Now he deserves prosecution for perjury. Moronic and obvious perjury, but perjury nonetheless. So bad I was laughing while reading the judgement. I think perjury carries the lengthier maximum sentence. We're still not done.
> It isn't anti-Semitic in context. Did you watch the video?
[Yes I did. The judge very clearly states the conviction is on the simple breach of the law. Context and mitigating circumstance is irrelevant as Meecham chose not to use the freedom of expression defence. Thus "in-context" does not matter at all.
So forget the pug. Forget the joke, the context, the way he made it totally not funny unless you're seven. It's obviously anti-semitic, but not especially harmful. Meecham accepts it's anti-semitic. It's not threatening compared to a march with dozens of thugs chanting the exact same phrases, into the faces of actual people. The law must cater for both ends of the threat scale being videoed and distributed. Clearly it is reasonable for there to be some offence, and some chance of mitigation for the lesser or technical breaches and parody or humour.
Repeating a phrase he accepts as racist, over and over, to clips of Hitler, jews and for some reason Buddha (IIRC, it's been a while), is clearly anti-semitic in context. Clearly it's not threatening on the scale of possibility of people using the same phrase and actions in a different context. Just a feeble joke, but accepted as anti-semitic by Meecham in court nonetheless. Still, he's not on trial for how funny he is or isn't either.
This is all 99.9% pointless discussion. None of this section is relevant as it's mitigation that the defendant chose not to use. Were he not a complete moron he would have most likely been reasonably acquitted for freedom of expression.]

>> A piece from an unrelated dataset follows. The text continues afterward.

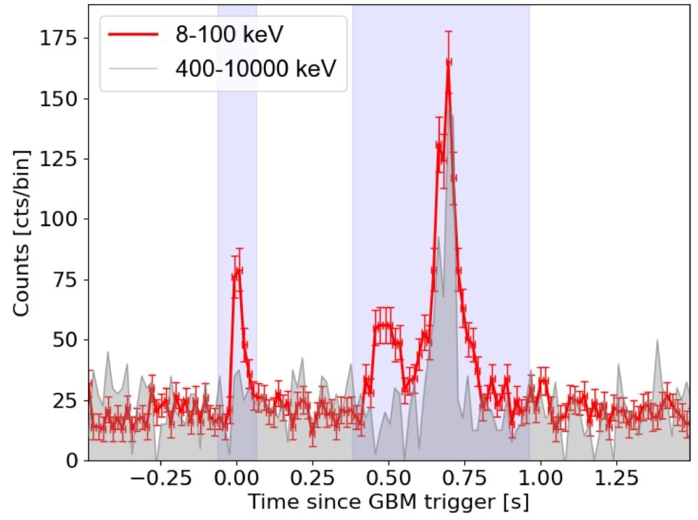 This is the Fermi/GBM light curves of GRB 230609A in two energy bands: 8–100 keV are hard x-rays and 400–10,000 keV is gamma-rays. The purple shaded regions highlight the first peak and the main episode. Image Credit: Dichiara et al. 2026. ApJL *This is the Fermi/GBM light curves of GRB 230609A in two energy bands: 8–100 keV are hard x-rays and 400–10,000 keV is gamma-rays. The purple shaded regions highlight the first peak and the main episode. Image Credit: Dichiara et al. 2026. ApJL*
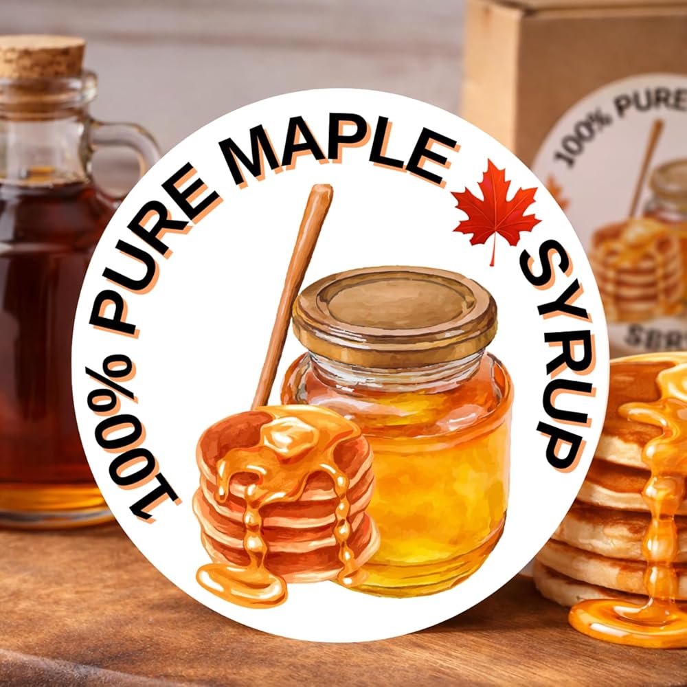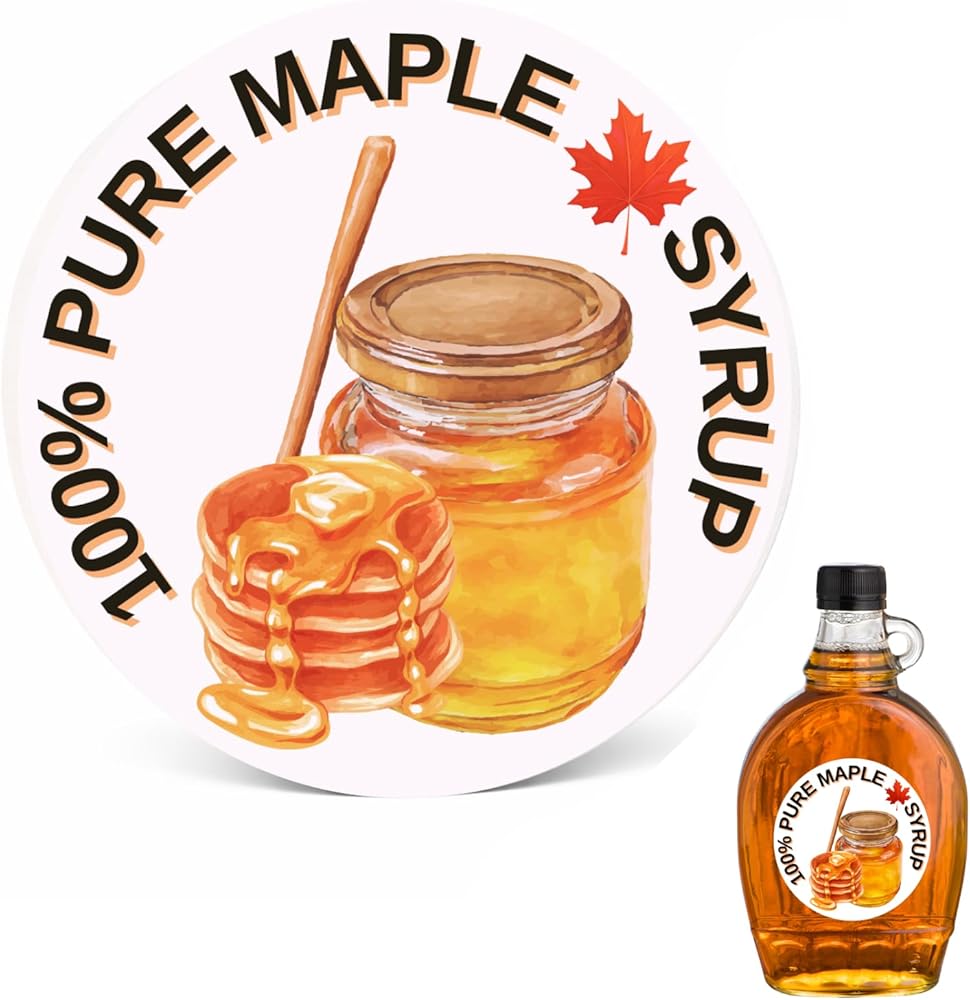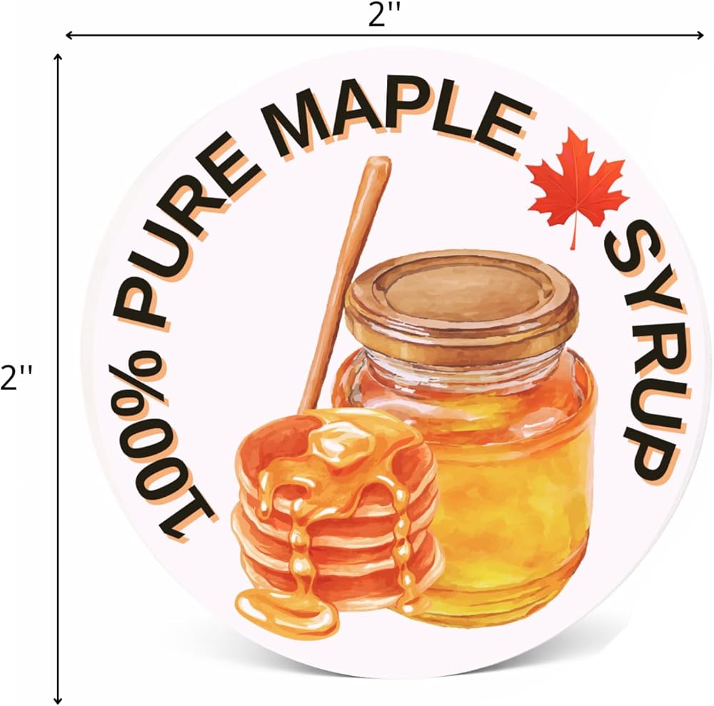 • الحجم المثالي: يبلغ قطر كل ملصق 5 سم (دائري)، ويناسب معظم برطمانات شراب القيقب والزجاجات وبرطمانات الماسون والأباريق الصغيرة.

He was offered an out by the judge in the context of the legal system. Then ignored it.
Reading the full judgement warmed my heart and restored a little faith in British justice.
OK, he's a moron as well as a convicted criminal, and clearly shown to be a perjurer. End of. I wonder what happened to the thousands he crowdsourced for his defence, but no-defence-offered really.
Is that the judgment? If so, when you say "He had a defence. He chose not to use it, despite the judge explicitly encouraging him to", are you referring to this part?
> I should note that although I invited both legal representatives to make legal submissions during the trial about the law on freedom of expression, that was done only to a very limited extent. In the absence of focused submissions on that topic by either the Crown or the defence, all I can say is that, while that right is very important, in all modern democratic countries the law necessarily places some limits on that right.
That's the one. I'd forgotten the Crown hadn't bothered either. The judge was trying to encourage an exploration of freedom of expression. Had the defendant bothered, he would likely have had very reasonable chance of acquittal or trivial fine in place of the £800. That the Youtube and "private joke for his girlfriend" aspects of his defence were shown up as lies probably didn't help his case. :)
The next paragraph is relevant to the context, as he makes clear that in the absence of those explorations, the conviction rests solely on the narrow fact of whether the law was breached or not. i.e. without any mitigation taken into account:
“This trial, unusual though some aspects have been, was therefore concerned, ultimately, only with the narrow fact-based question of whether the Crown has proved beyond reasonable doubt that your using a public communications network on one day to post the video onto your video channel, constituted an offence contrary to section 127(1)(a) of the Communications Act 2003. I found it proved on the evidence that it was. My finding establishes only your guilt of this offence. It establishes nothing else and sets no precedent.